Tak hanya KPK, Panitia Khusus (Pansus) Angket Haji DPR RI juga menemukan kejanggalan besar dalam distribusi kuota haji 2024.


Fokus utamanya adalah kebijakan Kementerian Agama yang membagi kuota tambahan 20.000 jamaah dengan komposisi 50:50 untuk haji reguler dan haji khusus.


Pembagian ini dianggap menyalahi aturan.
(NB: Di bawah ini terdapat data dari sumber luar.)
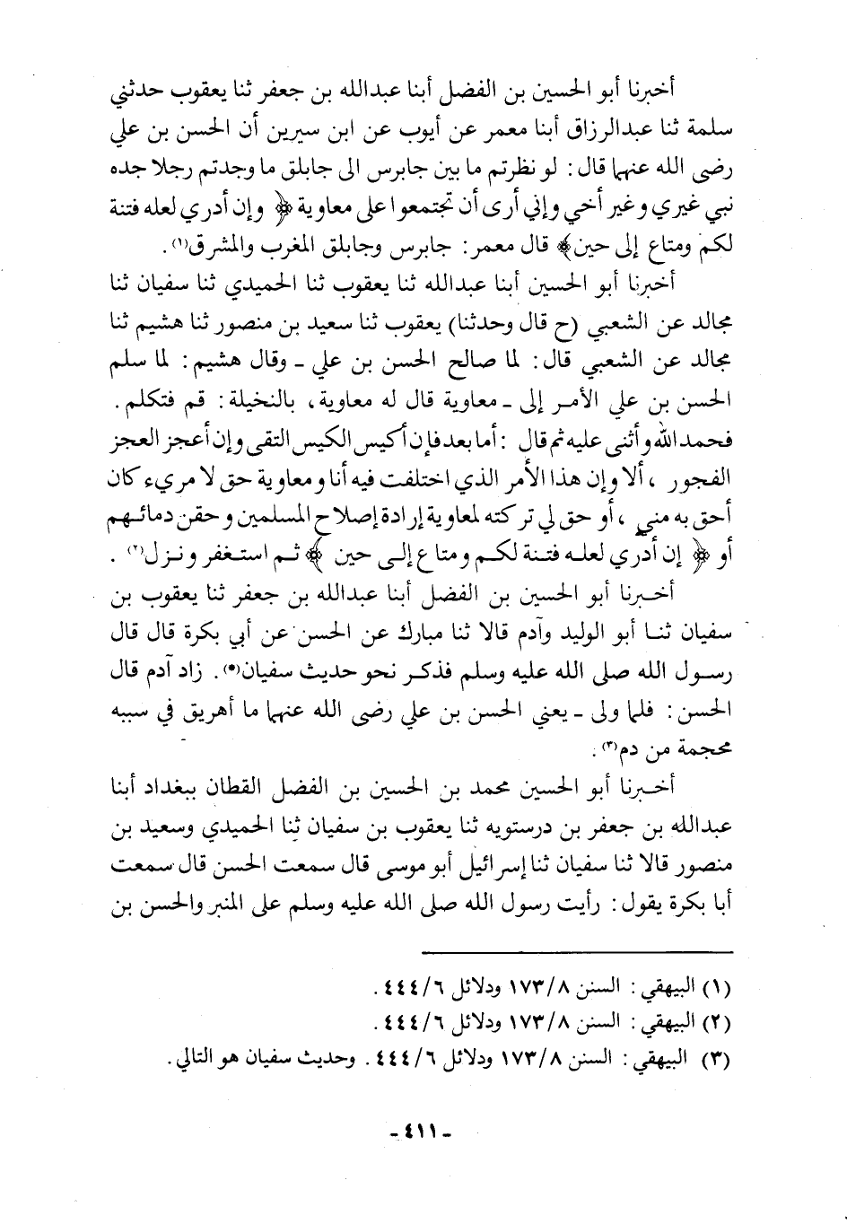 «ان جبريل أمرني أن أكبر» [3] . أخبرنا علي بن أحمد بن إبراهيم نا الحسن بن محمد بن عثمان الفسوي نا يعقوب بن سفيان نا أبو صالح وابن بكير قالا نا اللَّيْثُ بْنُ سَعْدٍ قَالَ حَدَّثَنِي يَزِيدُ بْنُ حبيب عن سعد بن سنان عن أنس بن مالك عن رسول الله صلى الله عليه وسلم قال: «التأنّي [4] من الله والعجلة من الشيطان» . وقال يعقوب نا عبد الله بن محمد المصري نا سليمان بن بلال عن سعد بن سعيد عن الزهري عن رجل من بلي قال: أقبلت أنا وأمي إِلَى رَسُولِ اللَّهِ صَلَّى اللَّهُ عَلَيْهِ وَسَلَّمَ، فجاء أبي فناجاه وكلّمه فكان فيما قال له: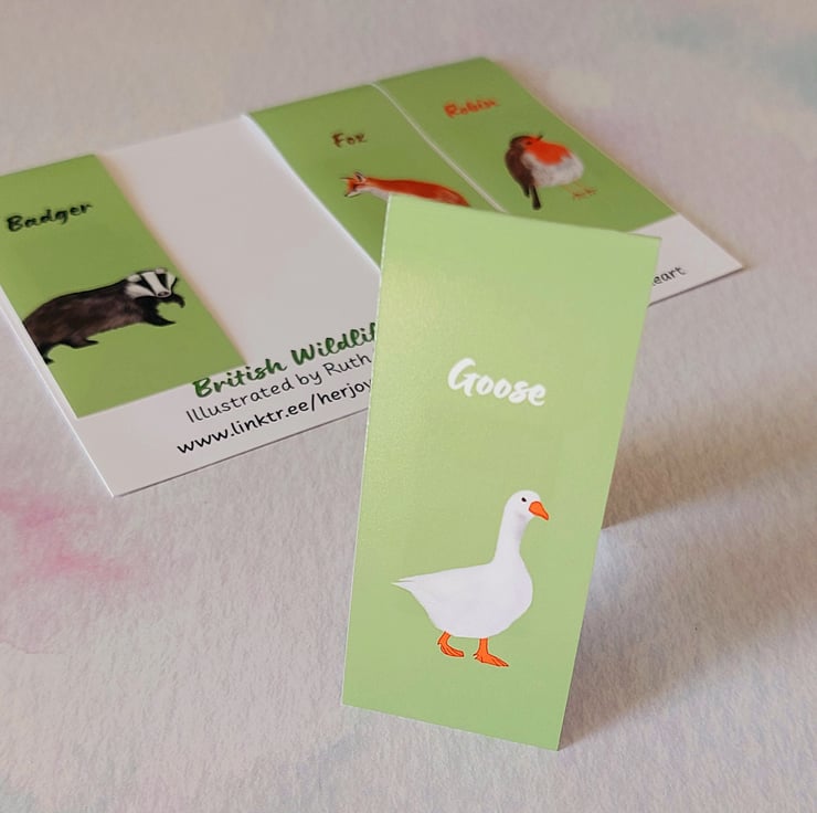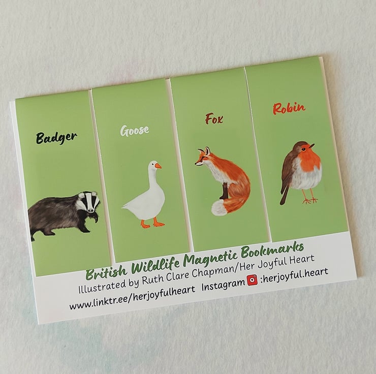 This is a set of four delightful magnetic bookmarks, each one featuring my original illustration of a British animal or bird including: Badger, Goose, Fox and Robin.

Berdasarkan UU No. 8 Tahun 2019, kuota haji khusus seharusnya hanya 8 persen, sementara haji reguler mendapat 92 persen. 


Dengan kata lain, kebijakan Kemenag dianggap menyimpang dari dasar hukum yang berlaku.


Rasa Kecewa dan Tuntutan Transparansi


Kasus ini memicu reaksi keras masyarakat, terutama calon jamaah haji yang merasakan dampak langsung dari keterbatasan kuota.


Di media sosial, banyak warganet melontarkan kritik soal lemahnya pengawasan negara dalam urusan yang sangat sensitif ini.


Beberapa netizen menilai bahwa skandal ini mencoreng nilai spiritual ibadah haji.


“Kalau ibadah suci saja bisa dijadikan lahan korupsi, bagaimana dengan urusan lain?” tulis salah satu komentar yang viral di X (Twitter).


Di sisi lain, pakar hukum tata negara juga menekankan pentingnya pengawasan lintas lembaga agar kasus ini tidak berhenti pada level biro perjalanan, melainkan mengungkap siapa aktor besar di balik kebijakan kuota.


Skandal kuota haji 2023–2024 berpotensi menjadi preseden besar dalam tata kelola ibadah haji di Indonesia.


Transparansi dan akuntabilitas di sektor keagamaan semakin dituntut setelah muncul bukti dugaan permainan yang merugikan jamaah sekaligus negara.


Jika KPK mampu menuntaskan kasus ini hingga ke akar, hal ini bisa menjadi momentum reformasi besar-besaran dalam penyelenggaraan haji.


Namun, jika penyidikan mandek, publik dikhawatirkan akan semakin kehilangan kepercayaan pada institusi yang mengelola ibadah terbesar umat Islam.


Ke depan, publik berharap KPK tidak hanya menjerat pelaku dari biro perjalanan dan asosiasi, tetapi juga menyingkap peran pejabat tinggi yang berwenang dalam pembagian kuota.


Karena bagi masyarakat, haji bukan sekadar perjalanan spiritual, melainkan juga simbol keadilan dan integritas negara.